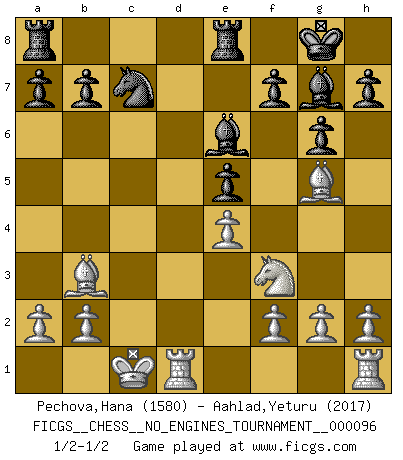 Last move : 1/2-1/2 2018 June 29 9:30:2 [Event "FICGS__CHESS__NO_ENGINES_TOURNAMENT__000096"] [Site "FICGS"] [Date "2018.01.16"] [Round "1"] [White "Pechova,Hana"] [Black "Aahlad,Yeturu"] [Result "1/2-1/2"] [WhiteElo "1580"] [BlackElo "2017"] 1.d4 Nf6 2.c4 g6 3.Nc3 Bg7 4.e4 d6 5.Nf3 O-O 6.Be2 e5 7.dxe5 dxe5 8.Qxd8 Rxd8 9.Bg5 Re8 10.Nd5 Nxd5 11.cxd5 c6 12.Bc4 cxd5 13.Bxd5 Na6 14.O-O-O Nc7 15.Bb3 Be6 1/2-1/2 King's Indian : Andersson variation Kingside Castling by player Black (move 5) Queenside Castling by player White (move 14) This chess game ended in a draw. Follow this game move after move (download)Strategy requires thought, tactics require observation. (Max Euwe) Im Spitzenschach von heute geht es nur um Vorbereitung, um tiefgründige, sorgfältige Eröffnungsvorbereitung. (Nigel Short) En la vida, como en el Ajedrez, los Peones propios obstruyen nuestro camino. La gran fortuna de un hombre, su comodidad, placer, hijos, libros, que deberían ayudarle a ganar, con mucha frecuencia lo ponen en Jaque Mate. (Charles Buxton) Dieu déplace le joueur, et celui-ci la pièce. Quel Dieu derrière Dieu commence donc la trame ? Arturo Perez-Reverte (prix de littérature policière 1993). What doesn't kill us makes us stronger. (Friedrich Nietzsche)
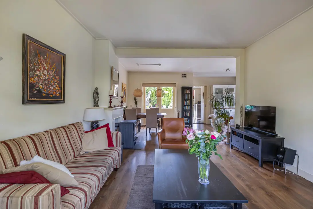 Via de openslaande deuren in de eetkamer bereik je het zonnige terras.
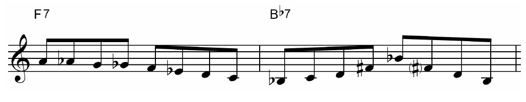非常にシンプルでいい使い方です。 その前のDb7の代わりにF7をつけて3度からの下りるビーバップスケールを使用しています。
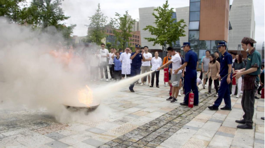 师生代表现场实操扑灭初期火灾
==
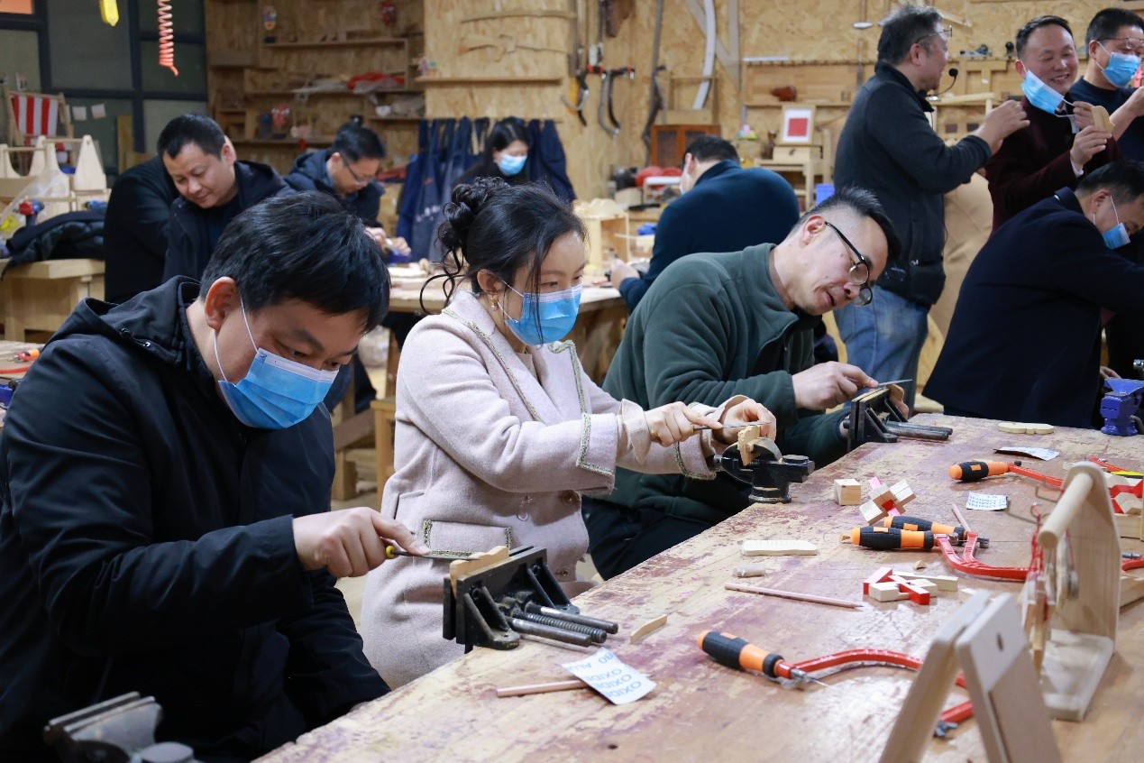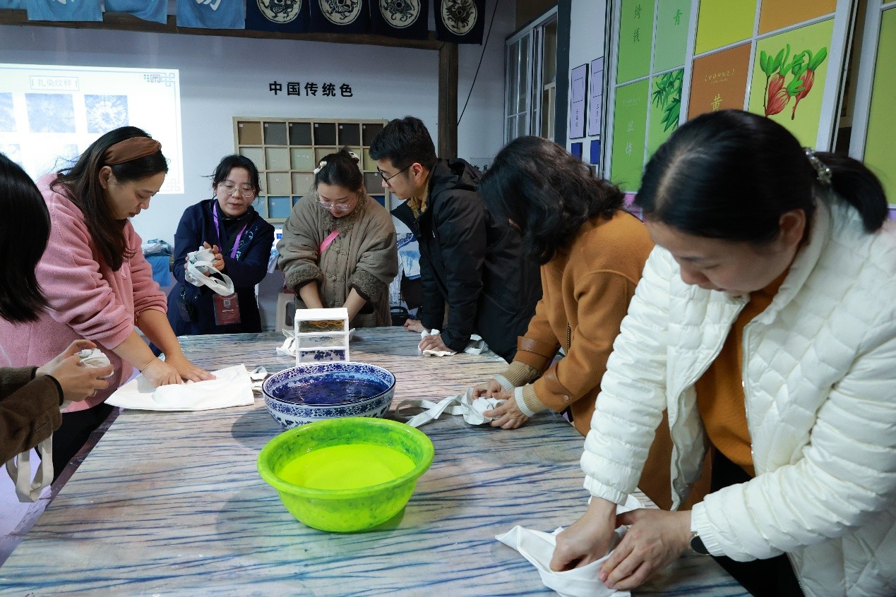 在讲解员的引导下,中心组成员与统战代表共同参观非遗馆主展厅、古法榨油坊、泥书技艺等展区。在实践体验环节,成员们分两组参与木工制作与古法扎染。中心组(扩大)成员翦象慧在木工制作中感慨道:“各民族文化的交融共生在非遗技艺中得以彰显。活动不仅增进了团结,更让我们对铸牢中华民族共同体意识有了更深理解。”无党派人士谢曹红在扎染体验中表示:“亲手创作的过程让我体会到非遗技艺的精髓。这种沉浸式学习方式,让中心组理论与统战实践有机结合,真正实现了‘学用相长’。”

-- What you will do --
Both the line containing "非常にシンプルでいい使い方で" and the line containing "师生代表现场实操扑灭初期火灾" above belong in the output, as do the lines between them. Print them exactly, without pictures.

-- Output for this task --
非常にシンプルでいい使い方です。 その前のDb7の代わりにF7をつけて3度からの下りるビーバップスケールを使用しています。
 师生代表现场实操扑灭初期火灾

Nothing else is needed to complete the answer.